Таков «загадочный», по мнению исследователей его творчества, Рембо. Любая исследовательская операция по отношению к бесконечному тексту выглядит глупо и бессмысленно. Бессмысленно рифмовать «озарения» и «бред» с судьбой поэта, бессмысленно искать смысл в том, что творилось по технологии бессмысленности. И бессмысленно, кстати, объявлять это загадочным. «Словеса в бреду», «наваждения», «святость разлада, овладевшего моим сознанием», «озарения», «ясновидение»… А еще есть «Невозможное», «Вспышка» и т. п. Это и есть настойчиво вручаемый поэтом ключ ко всем своим загадкам. Перед нами язык души, души как таковой, рыхлой и невнятной, хтонической, хаотической, союзником которой выступает паралич мысли. Поэзия как модель хаоса, модель расстройства чувств. Хтонический бред, согласимся, в чем-то соответствует стихии бунта. Попробуйте придать форму цунами, селю или самуму. Здесь косматость и непричесанность и есть отчасти форма.

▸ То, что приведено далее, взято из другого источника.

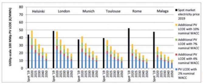 4’üncü grafikten de anlaşılacağı gibi 2019’daki ortalama toptan satış (spot piyasa) elektrik fiyatları ile karşılaştırıldığında, kamu hizmeti ölçeğinde FV, Almanya ve Finlandiya’da %7‘nin üzerinde nominal WACC ve diğer dört ülkede %10‘un üzerinde WACC ile zaten rekabet halindeydi. Malaga‘da,% 7 nominal WACC’ye sahip şebeke ölçeğindeki PV LCOE şu anda 22 € / MWh‘dir ve 2030‘da 14 € / MWh‘ye ve 2050‘de 9 € / MWh‘ye düşmektedir. Dünyanın çeşitli ülkelerinde, enerji satın alma anlaşmaları (PPA’lar) 15 € / MWh‘nin altında imzalanmış olup, makul bir faiz oranı gerçekten düşük teknolojik ve çevresel riski yansıtıyorsa, PV‘nin halihazırda en ucuz elektrik formu olduğunu kanıtlamaktadır.
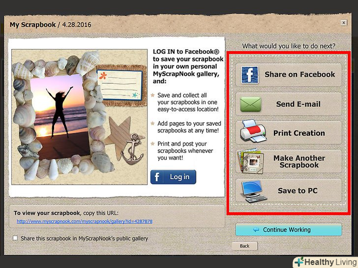 - Також існують програми, шаблони і веб-сайти, призначені для створення альбомів, більш наближених до традиційних, які потім можна роздрукувати на фізичному носії. Вони дозволяють вибирати розмір і формат пам'ятного альбому, а також розташування фотографій і тексту на сторінках тим же чином, як це можна зробити з традиційними пам'ятними альбомами. Нерідко можливість створення цифрового альбому доповнюється можливістю замовлення його роздруківки та створення фізичної професійно переплетеної копії. [6] навіть якщо ви вирішите залишити альбом в цифровому вигляді, можна буде відкрити загальний доступ до файлу з ним.
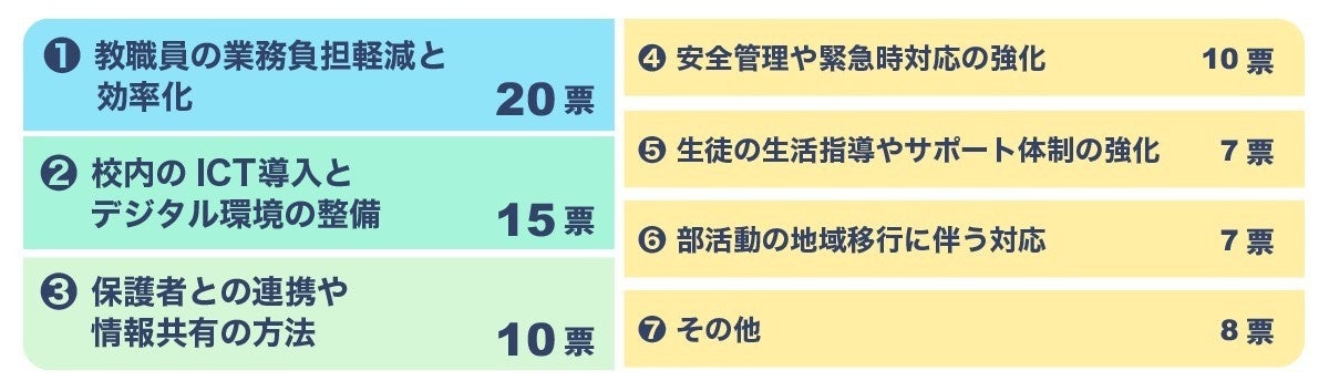 教育現場全体が「生徒の学習環境改善」と「部活動地域移行」を最重要課題と認識しており、これに続く形で「教職員の業務負担軽減」への期待が高まっています。
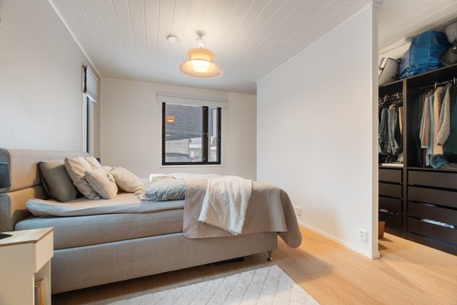 Stiligt kök i svart och trä. Rostfria kyl och frysskåp. Integrerade köksmaskiner. Stor köksö som delar av köket med vardasgrummet. Huset har fyra rymliga sovrum. Två separata wc samt ett rymligt klädvårdsrum med mycket skåputrymme. Rymlig duschrum med två duchar, I duschrummet även bastu med glasvägg.
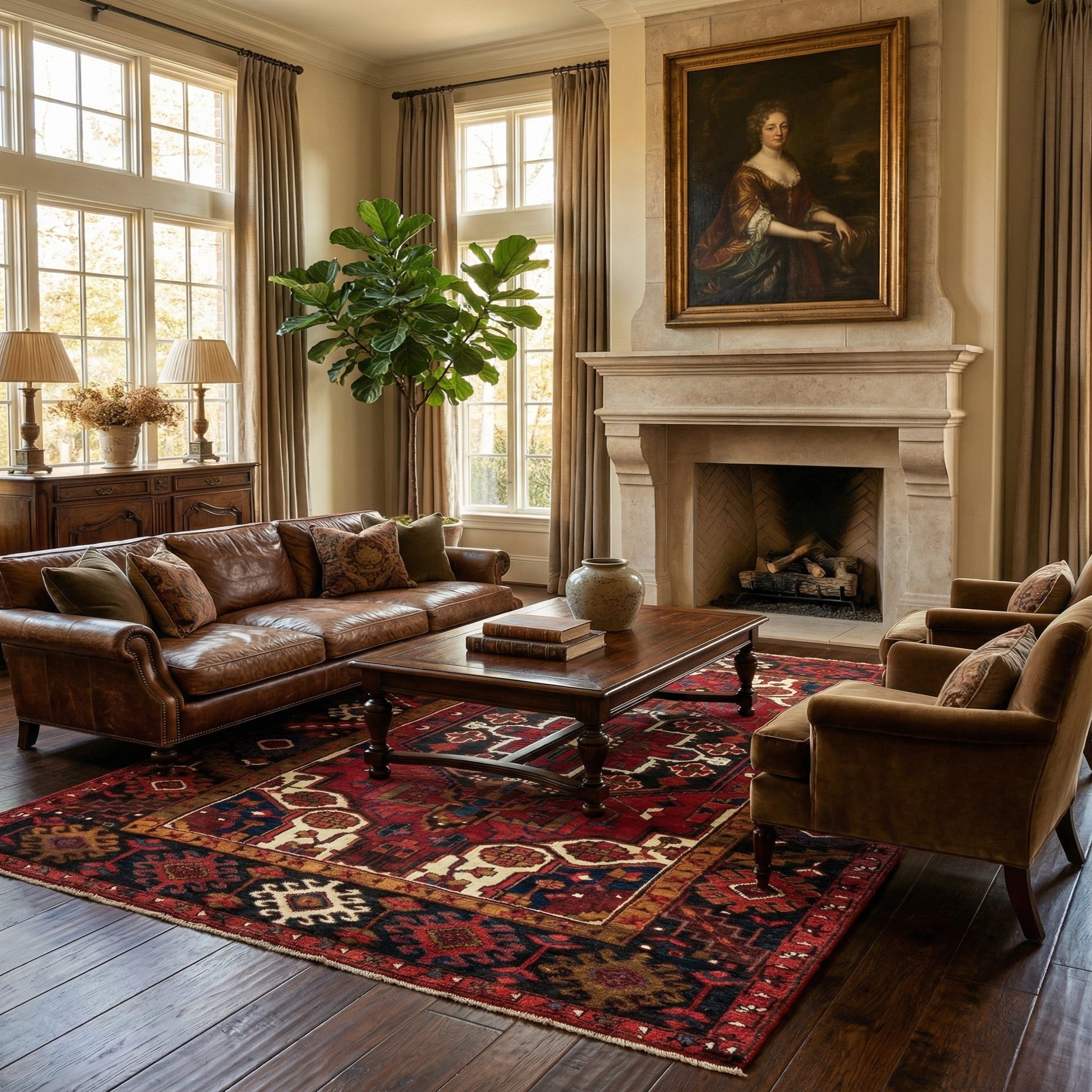 Its classic pattern and rich color palette make it an ideal choice for spaces that lean towards traditional, rustic, or eclectic decors. This rug could serve as a statement piece in a living room beneath a coffee table, in a dining area, or as an elegant touch in an office. In each scenario, it would bring warmth and character to the setting while harmonizing with both antique and contemporary furnishings.
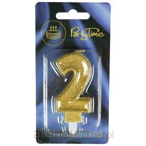 Świeczka cyferka brokatowa na podstawce. Wysokość świeczki 7,5 cm.
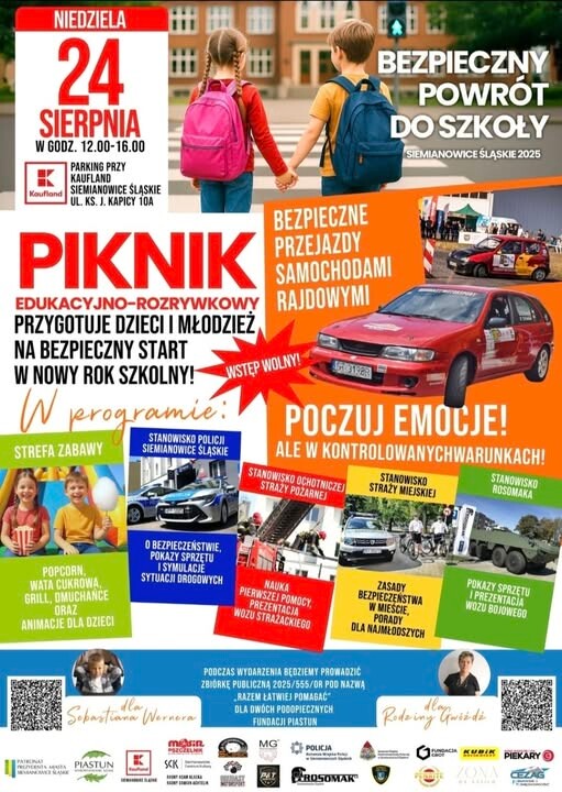 W niedzielę, 24 sierpnia, w godzinach od 12.00 do 16.00 na parkingu przy sklepie Kaufland przy ul. Kapicy 10a odbędzie się Piknik Rodzinny pod hasłem „Bezpieczny powrót do szkoły”. Wydarzenie organizuje Fundacja „Piastun – Wyrównywanie Szans”.
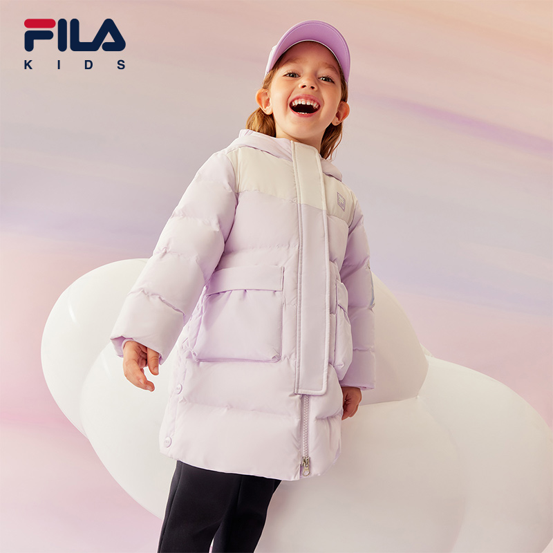 保暖舒适羽绒服潮 小童女童长款 FILA斐乐童装 儿童外套2024秋冬款
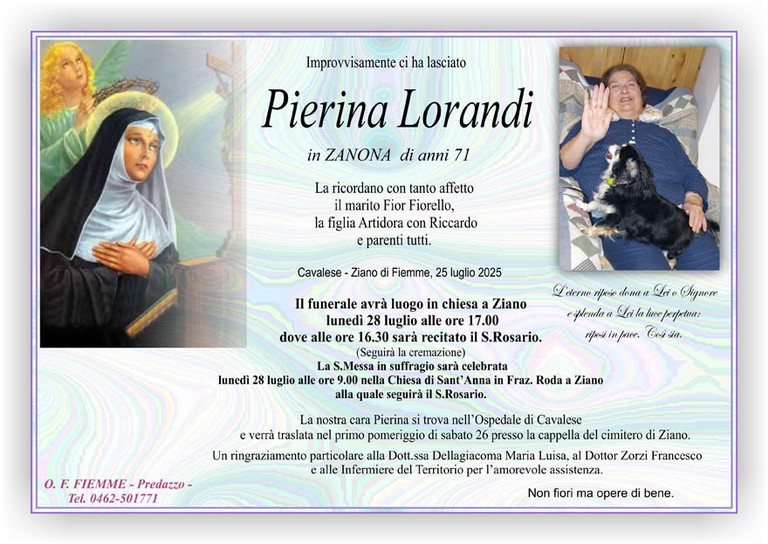 E' mancata Pierina Lorandi in Zanona, 71 anni, di Ziano di Fiemme - Fiemme e Fassa - utilità, eventi, cinema, notizie
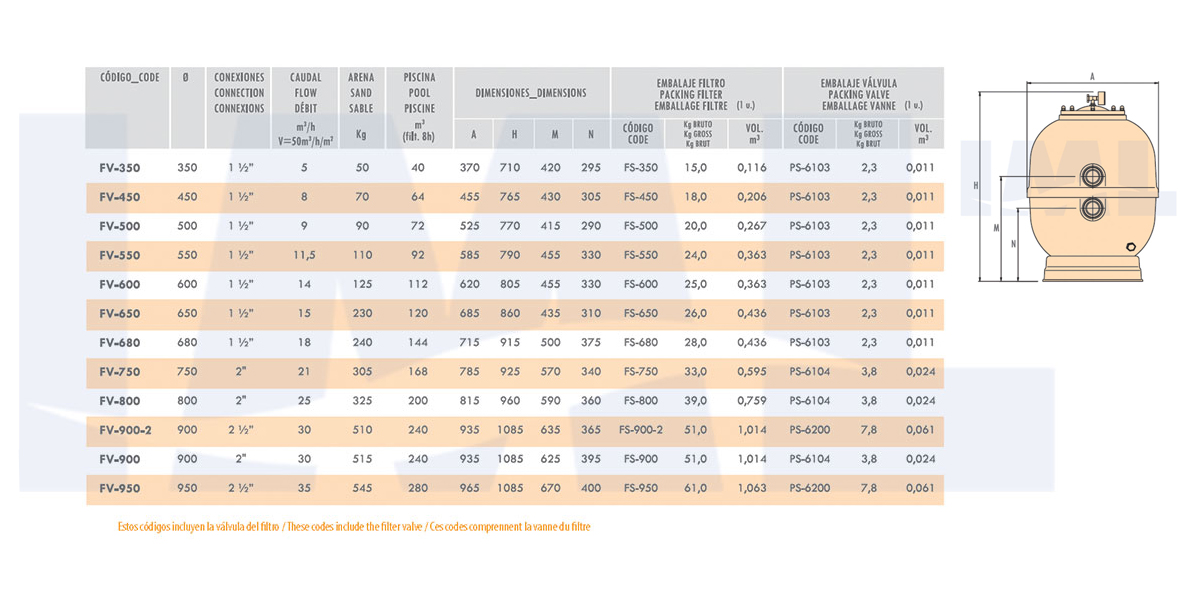 فیلتر شنی استخر IML سری LISBOA مدل (IML Sand Filter LISBOA-FV-650) FV-650 با آبدهی 15 متر مکعب مناسب برای استفاده در استخرهای سرپوشیده با حداکثر حجم 120 متر مکعب و استخرهای روباز با حداکثر حجم 60 متر مکعب میباشد.
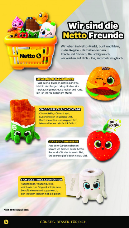 Bitte beachten Sie, dass dieser Text automatisch generiert wird und möglicherweise Fehler enthälta bei = Wir leben im Netto-Markt, bunt und klein, in die Regale - da ziehen wir ein. jan Frech und fröhlich, flauschig weich, Netto @ wir warten auf dich - los, sammel uns gleich 1 QUI an Hast du mal Hunger, geht’s ganz fix, ich bin der Burger, bring dir den Mix. Ruckzuck gemacht, so lecker und rund, bin ich im Nu in deinem Mund. Choco Bella, süß und zart, kuschelweich in Schoko-Art. Doch die echte - unvergleichlich, à fein und lecker, einfach köstlich. Regio Aus dem Garten nebenan komm ich schnell zu dir heran. Rot und süß, das ist mein Ziel, Erdbeeren gibt’s doch nie zu viel. Kuschelrolle, flauschig, fein, weich wie das Original soll sie sein. © Ÿ So soft wie nie und superweich, den Platz im Herzen hat sie gleich. m) * Mit 40 Treuepunkten. STIG. BESSER. FÜR DICH.

С другой стороны, подобного рода запись – это типичная форма самовыражения молодых, гениев и не очень. Чувства хлещут, мастерства пока нет, определенного мировоззрения тоже. Что делать, когда работать не получается, а «оно» прет? когда «драйв» есть, а содержания нет?
Просто пиши, а там разберемся. Это не что иное, как форма бессилия, выдаваемая за невиданные новации. Простейшие из наваждений. «Словеса в бреду» следует понимать почти буквально: не логос, внятность и членораздельность (и тогда появляются основания говорить о художественной форме) – а плетение словес по логике бреда, ввержение в хаос, собственно, модель хаоса, как уже было сказано, что, в известном смысле, можно расценивать как художественную мотивацию, некое художественное оформление по принципу «форма в том, что формы нет».
В таком случае, все, что ни легло на бумагу, принимает форму; бумага, как известно, все стерпит. Но читатель – не бумага, чтобы им пользоваться так бесцеремонно. Оформление, придание порядка наваждениям (что делает их, по законам творчества, уже как бы наваждениями) – это определенная культурная работа, и ее обнаружить в текстах не представляется возможным. Где умное чувство меры? Его нет.
Не случайно Рембо в конце творческого пути пришел к стихам в прозе. Стихи в прозе – это лирика как таковая, ее наиболее простой и безыскусный вариант, где даже эстетическая форма не мешает восприятию. Ничем не стесняемый поток. Здесь мастерство напрочь отсутствует (и это отнюдь не признак высшего мастерства, как, скажем, у того же И.С. Тургенева), здесь не надо обременять себя приемами и пропорциями: просто записывай гениальные строчки. Это ни к чему не обязывает, словно эссе в гуманитарных науках. Леность мысли находит свое адекватное выражение в подобной лирической стихии.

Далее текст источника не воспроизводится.